Parallelism and Performance¶
This document describes how metrust achieves its performance characteristics: the tiered execution model, the use of Rayon parallel iterators throughout the Rust core, the GIL-release strategy at the Python boundary, and the algorithmic choices that matter more than raw thread count.

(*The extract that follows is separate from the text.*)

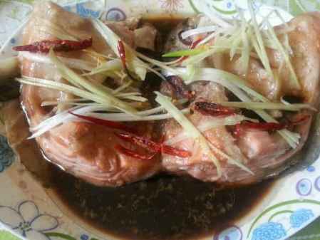 食材:三文鱼头1只,迷迭香3株,佛手瓜半个,生姜1块,蒸鱼豉油1勺,盐少许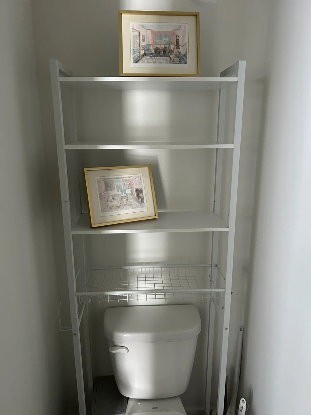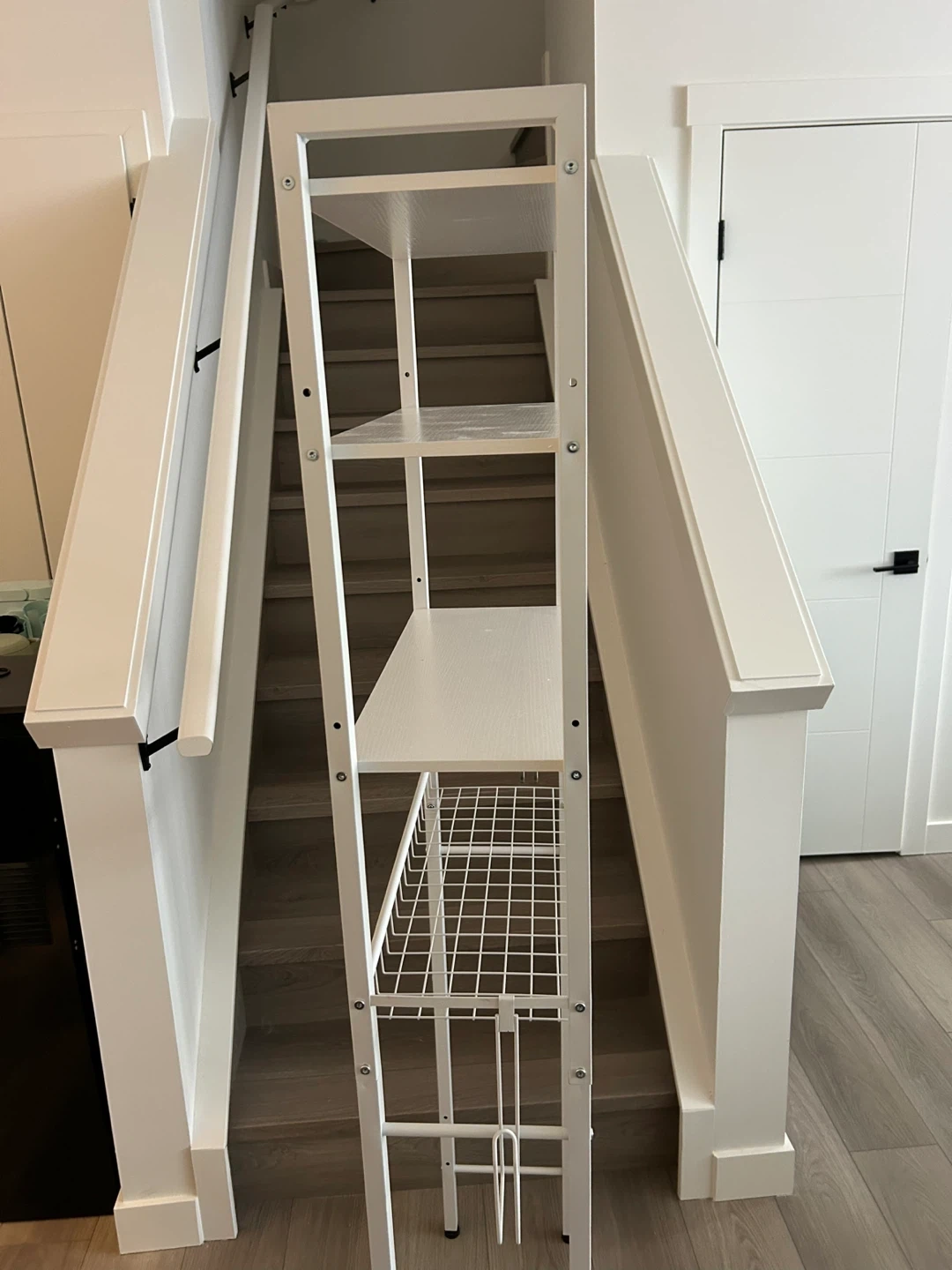 This four-tier metal shelf unit comes in white and includes a wire basket. It's designed for easy storage and organization. This shelving unit is great for bathrooms or tight spaces!

1. The Three Performance Tiers¶
When benchmarking metrust against MetPy, it is important to understand what is actually being compared. There are three distinct tiers of execution cost:
| Tier | Description | Overhead |
|---|---|---|
| T1 | Raw Rust FFI -- call the wx-math or metrust::calc function directly from Rust with &[f64] slices. No Pint, no Python, no NumPy. |
None |
| T2 | metrust + Pint wrappers -- the user-facing Python API. NumPy arrays enter through PyO3, Pint unit objects are attached to the result. |
PyO3 array conversion + Pint wrapper |
| T3 | MetPy + Pint -- the baseline. Pure-Python loops or NumPy vectorized ops, every intermediate result wrapped in Pint Quantity objects. | Full Python + Pint |
Why T2 vs T3 is the fair comparison. Users of both libraries work with unit-aware arrays. Comparing T1 against T3 would overstate the advantage because it eliminates the Pint/NumPy overhead that real users of metrust also pay. T2 vs T3 is apples-to-apples: both accept and return Pint Quantities backed by NumPy arrays, both validate units, and both produce identical scientific results. The difference is that T2's inner loop runs compiled Rust with Rayon parallelism instead of interpreted Python.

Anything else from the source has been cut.